## Unit Test Dataset Notebook

This notebook should be used to generate and/or debug datasets for unit tests, stored as resources on the project.

## Scoring Tests

In [28]:
import java.nio.file.Paths
val input_dir = Paths.get(System.getProperty("user.home"), "data", "ot", "extract")
val input_file = input_dir.resolve("evidence.json")
val df = spark.read.json(input_file.toString())

input_dir = /home/eczech/data/ot/extract
input_file = /home/eczech/data/ot/extract/evidence.json
df = [access_level: string, disease: struct<biosample: struct<id: string, name: string>, efo_info: struct<efo_id: string, label: string ... 2 more fields> ... 3 more fields> ... 12 more fields]


[access_level: string, disease: struct<biosample: struct<id: string, name: string>, efo_info: struct<efo_id: string, label: string ... 2 more fields> ... 3 more fields> ... 12 more fields]

In [31]:
df.select("type").groupBy("type").count().show()

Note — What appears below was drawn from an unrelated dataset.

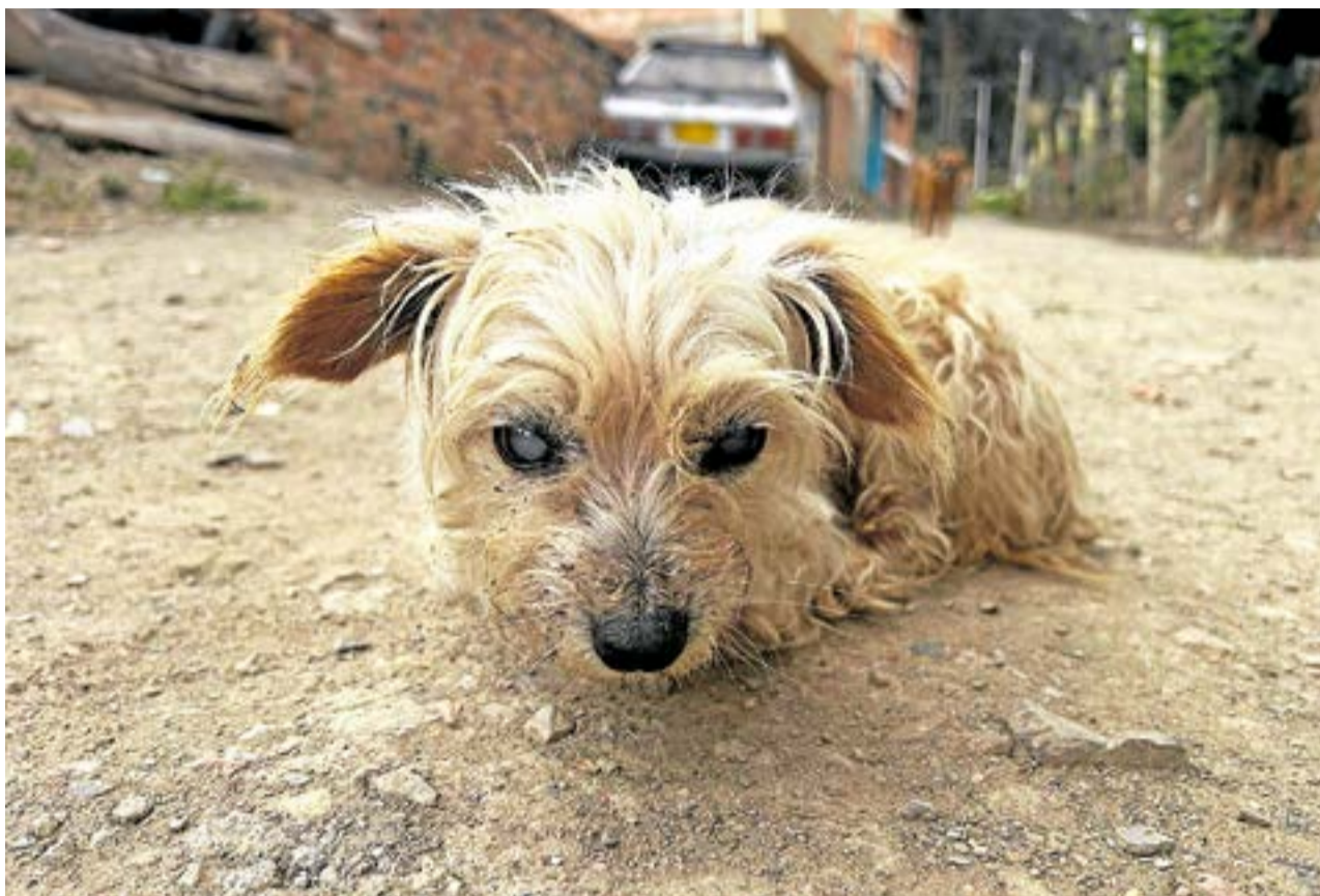
La perrita ciega fue abandonada en el barrio Calderitas; era incapaz de caminar debido al dolor en sus patas; se encontraba sola y en mal estado.

Las zonas críticas identificadas en Ubaté como lugares de abandono son la plaza de mercado, el Parque Ricaurte, la salida a Carmen de Carupa y la Perrera. Estos lugares se han convertido en escenarios donde algunos ciudadanos dejan costales repletos de animales.

+-------------------+------+
|               type| count|
+-------------------+------+
|   affected_pathway| 87104|
|     rna_expression|204229|
|       animal_model|500683|
|   somatic_mutation| 70554|
|         known_drug|383122|
|genetic_association|380852|
+-------------------+------+



In [45]:
val genes = List(
    "ENSG00000141510", // TP53
    "ENSG00000244734", // HBB
    "ENSG00000169174", // PCSK9
    "ENSG00000112715", // VEGFA
    "ENSG00000105397"  // TYK2
)
import org.apache.spark.sql.functions.count
df.filter($"target.id".isin(genes: _*))
    .groupBy("target.id").pivot("type")
    .agg(count("id"))
    .show(100, 16)

+---------------+----------------+------------+-------------------+----------+--------------+----------------+
|             id|affected_pathway|animal_model|genetic_association|known_drug|rna_expression|somatic_mutation|
+---------------+----------------+------------+-------------------+----------+--------------+----------------+
|ENSG00000141510|             870|        1308|                587|      null|            17|            3926|
|ENSG00000112715|              17|         433|                253|      2047|            30|            null|
|ENSG00000105397|              20|          58|                117|        97|             1|            null|
|ENSG00000244734|               6|        null|                355|         5|            81|            null|
|ENSG00000169174|               6|          35|                169|       112|            20|            null|
+---------------+----------------+------------+-------------------+----------+--------------+----------------+



genes = List(ENSG00000141510, ENSG00000244734, ENSG00000169174, ENSG00000112715, ENSG00000105397)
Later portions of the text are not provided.